A statistical framework for natural feature representation

This paper presents a robust stochastic framework for the incorporation of visual observations into conventional estimation, data fusion, navigation and control algorithms. The representation combines Isomap, a non-linear dimensionality reduction algorithm, with expectation maximization, a statistical learning scheme. The joint probability distribution of this representation is computed offline based on existing training data. The training phase of the algorithm results in a nonlinear and non-Gaussian likelihood model of natural features conditioned on the underlying visual states. This generative model can be used online to instantiate likelihoods corresponding to observed visual features in real-time. The instantiated likelihoods are expressed as a Gaussian mixture model and are conveniently integrated within existing non-linear filtering algorithms. Example applications based on real visual data from heterogenous, unstructured environments demonstrate the versatility of the generative models.

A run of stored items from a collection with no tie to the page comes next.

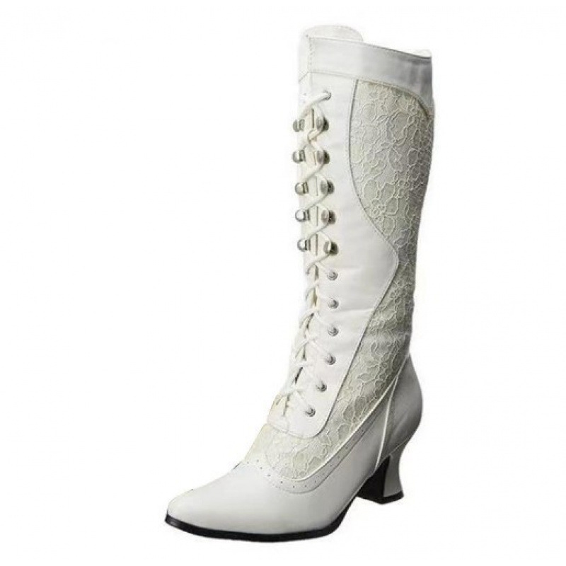 wish AliExpress Amazon 2025 秋冬新作ミッドヒールホワイトレディースブーツ太いヒールミッドカーフブーツナイトブーツ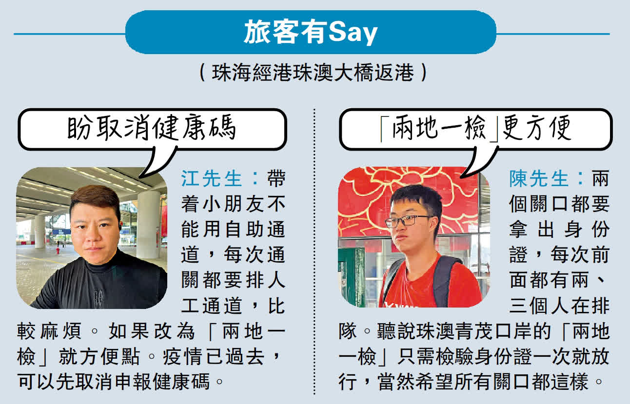 徐先生昨日在港珠澳大橋過關回港,他說不時經珠港兩地旅遊,認為每次通關都需出示兩個身份證,較為麻煩,不過自助通道讀取資料較快,「人潮少點都會快一些,人多就要排兩次,較費時」。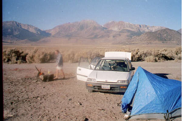 I realized that I had forgotten to pack my walking shorts, and we began a tour of the businesses of Bishop, Big Pine, and Lone Pine. Hard to believe, but except for some shiny nylon basketball shorts in the Bishop K-Mart, there was nothing. Rural people, Lynne points out, are loathe to bare limbs. I was mentally preparing to do the hike in my underwear (it would have been a first, perhaps) but fortunately Mike had an extra pair, and we both have a 32' waist.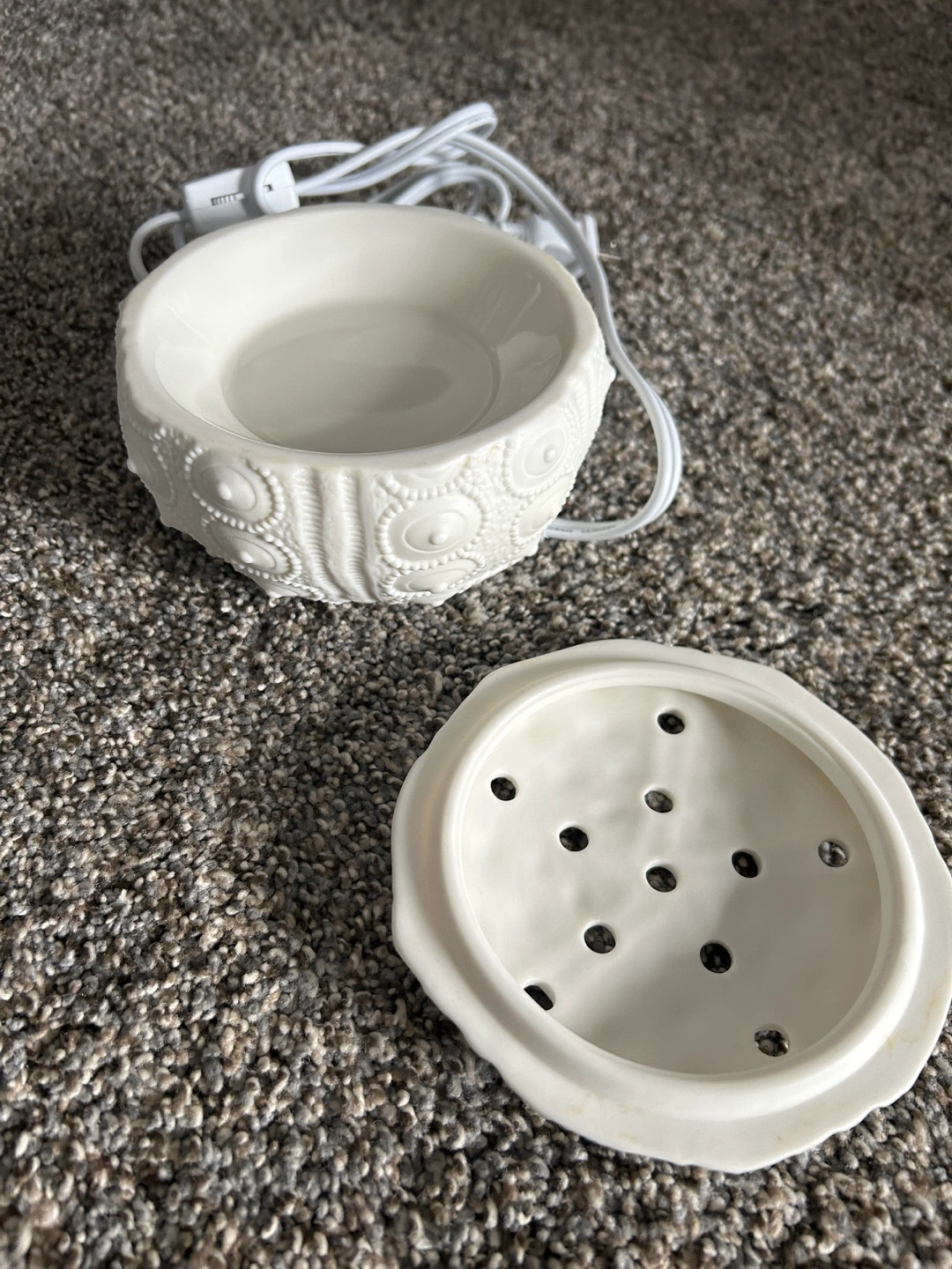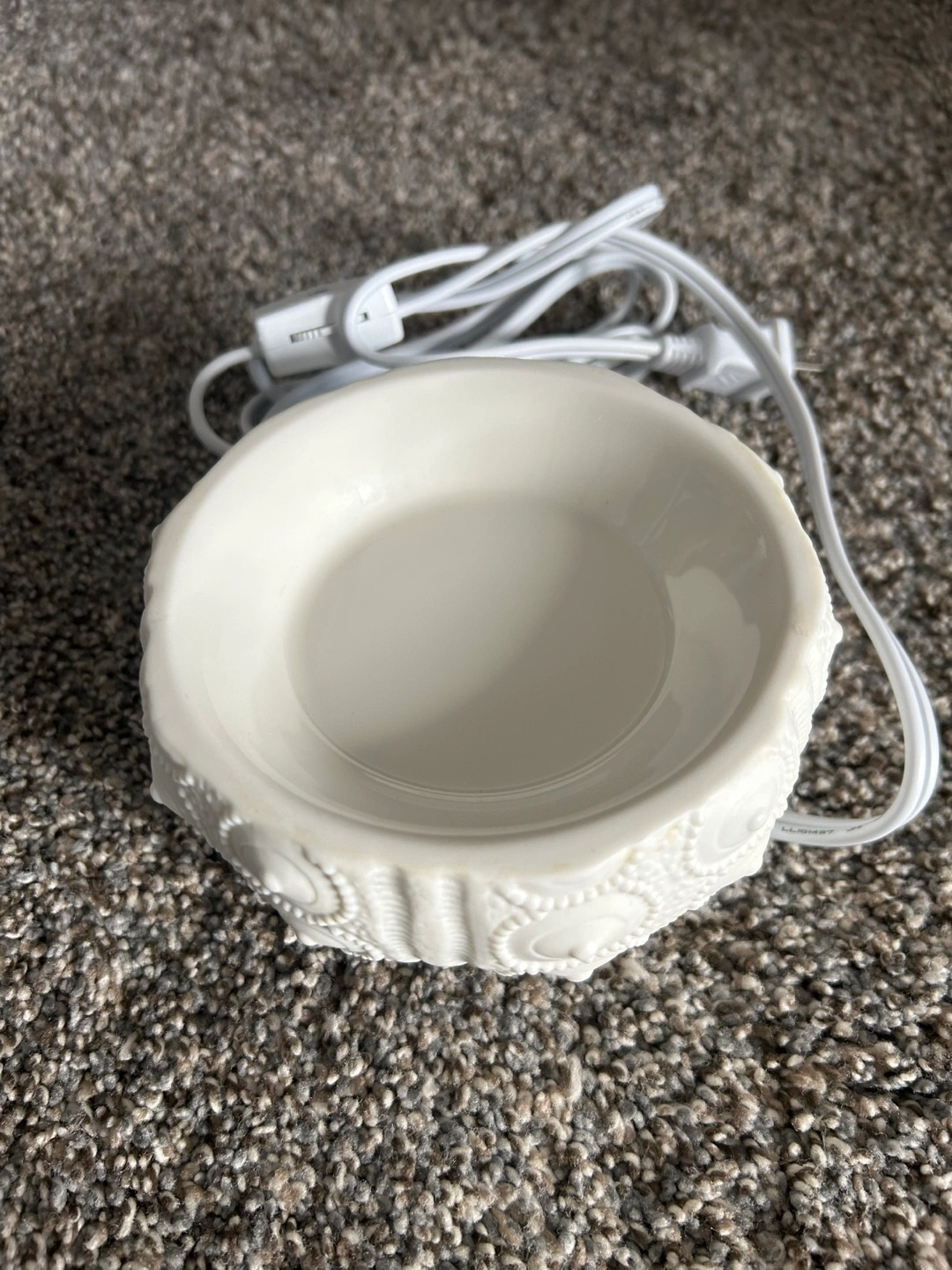 A beautiful ceramic wax warmer with a unique embossed design. It has a white power cord and a small bowl for wax. A perfect addition to any room for a relaxing ambiance.

A Bayesian approach for place recognition

This paper presents a robust place recognition algorithm for mobile robots. The framework proposed combines nonlinear dimensionality reduction, nonlinear regression under noise, and variational Bayesian learning to create consistent probabilistic representations of places from images. These generative models are learnt from a few images and used for multi-class place recognition where classification is computed from a set of feature-vectors. Recognition can be performed in near real-time and accounts for complexity such as changes in illumination, occlusions and blurring. The algorithm was tested with a mobile robot in indoor and outdoor environments with sequences of 1579 and 3820 images respectively. This framework has several potential applications such as map building, autonomous navigation, search-rescue tasks and context recognition.